• **GIVEN DATA**
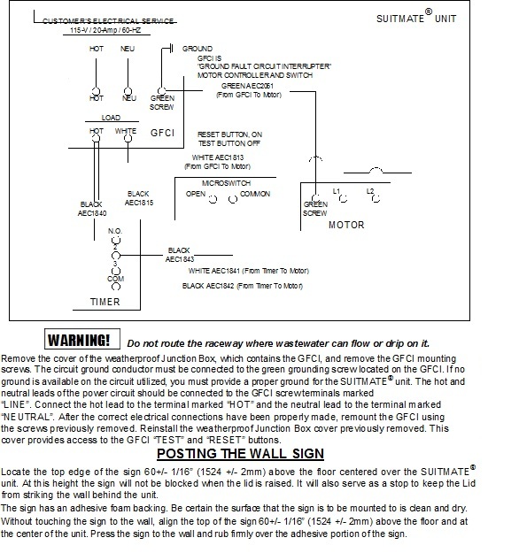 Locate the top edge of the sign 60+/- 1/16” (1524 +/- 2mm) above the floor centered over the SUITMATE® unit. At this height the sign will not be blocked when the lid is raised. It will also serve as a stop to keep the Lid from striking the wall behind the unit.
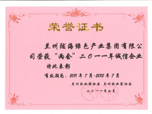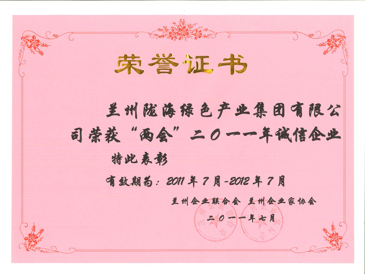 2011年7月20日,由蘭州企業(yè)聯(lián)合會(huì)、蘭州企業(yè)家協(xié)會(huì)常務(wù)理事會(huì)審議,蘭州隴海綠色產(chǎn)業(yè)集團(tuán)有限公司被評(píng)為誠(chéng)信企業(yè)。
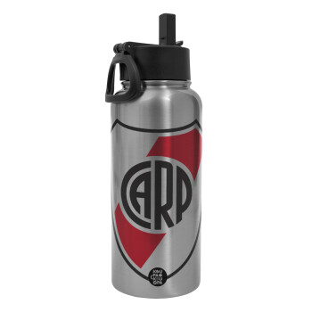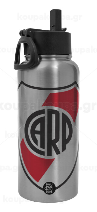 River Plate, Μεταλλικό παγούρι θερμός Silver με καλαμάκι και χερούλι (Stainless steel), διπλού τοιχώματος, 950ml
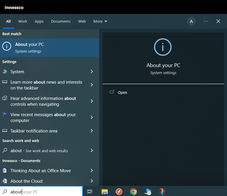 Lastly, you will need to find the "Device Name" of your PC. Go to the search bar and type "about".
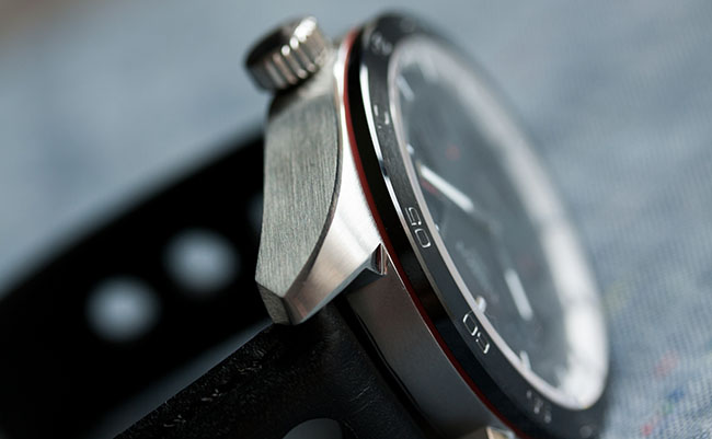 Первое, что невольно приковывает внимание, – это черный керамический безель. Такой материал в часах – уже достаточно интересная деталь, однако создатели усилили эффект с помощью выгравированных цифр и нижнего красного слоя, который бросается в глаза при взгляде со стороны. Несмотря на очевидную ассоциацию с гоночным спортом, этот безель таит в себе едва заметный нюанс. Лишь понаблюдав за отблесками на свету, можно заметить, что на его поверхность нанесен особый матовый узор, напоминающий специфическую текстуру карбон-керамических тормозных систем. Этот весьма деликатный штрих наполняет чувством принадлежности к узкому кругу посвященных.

--

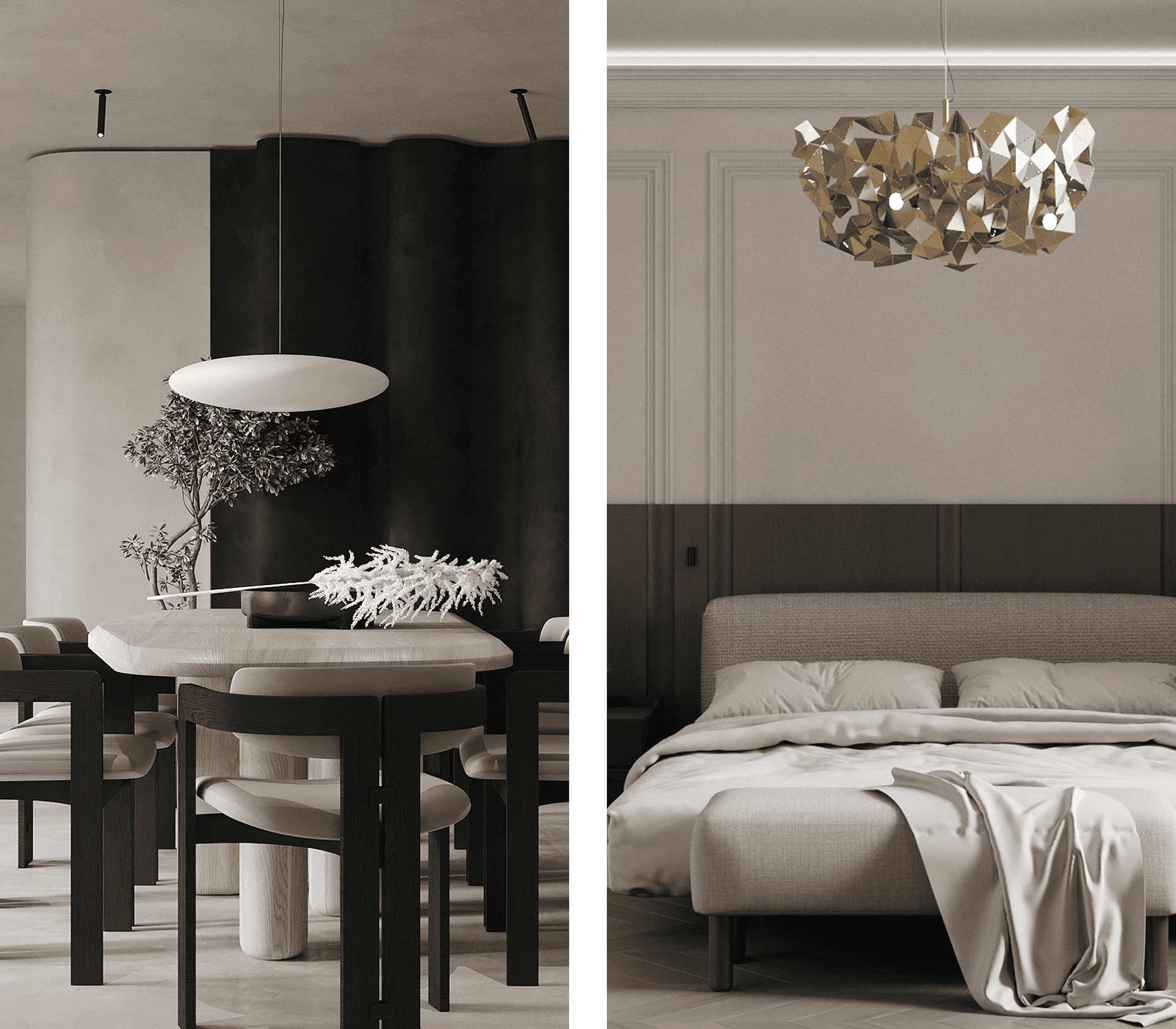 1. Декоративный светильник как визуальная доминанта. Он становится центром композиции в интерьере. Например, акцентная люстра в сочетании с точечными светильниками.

• **TASK GOAL**
Copy exactly the lines of the listing above between the one holding "2011年7月20日,由蘭州" and the one holding "Первое, что невольно", inclusive; omit all pictures.

• **PROBLEM SOLUTION**
 2011年7月20日,由蘭州企業(yè)聯(lián)合會(huì)、蘭州企業(yè)家協(xié)會(huì)常務(wù)理事會(huì)審議,蘭州隴海綠色產(chǎn)業(yè)集團(tuán)有限公司被評(píng)為誠(chéng)信企業(yè)。
 River Plate, Μεταλλικό παγούρι θερμός Silver με καλαμάκι και χερούλι (Stainless steel), διπλού τοιχώματος, 950ml
 Lastly, you will need to find the "Device Name" of your PC. Go to the search bar and type "about".
 Первое, что невольно приковывает внимание, – это черный керамический безель. Такой материал в часах – уже достаточно интересная деталь, однако создатели усилили эффект с помощью выгравированных цифр и нижнего красного слоя, который бросается в глаза при взгляде со стороны. Несмотря на очевидную ассоциацию с гоночным спортом, этот безель таит в себе едва заметный нюанс. Лишь понаблюдав за отблесками на свету, можно заметить, что на его поверхность нанесен особый матовый узор, напоминающий специфическую текстуру карбон-керамических тормозных систем. Этот весьма деликатный штрих наполняет чувством принадлежности к узкому кругу посвященных.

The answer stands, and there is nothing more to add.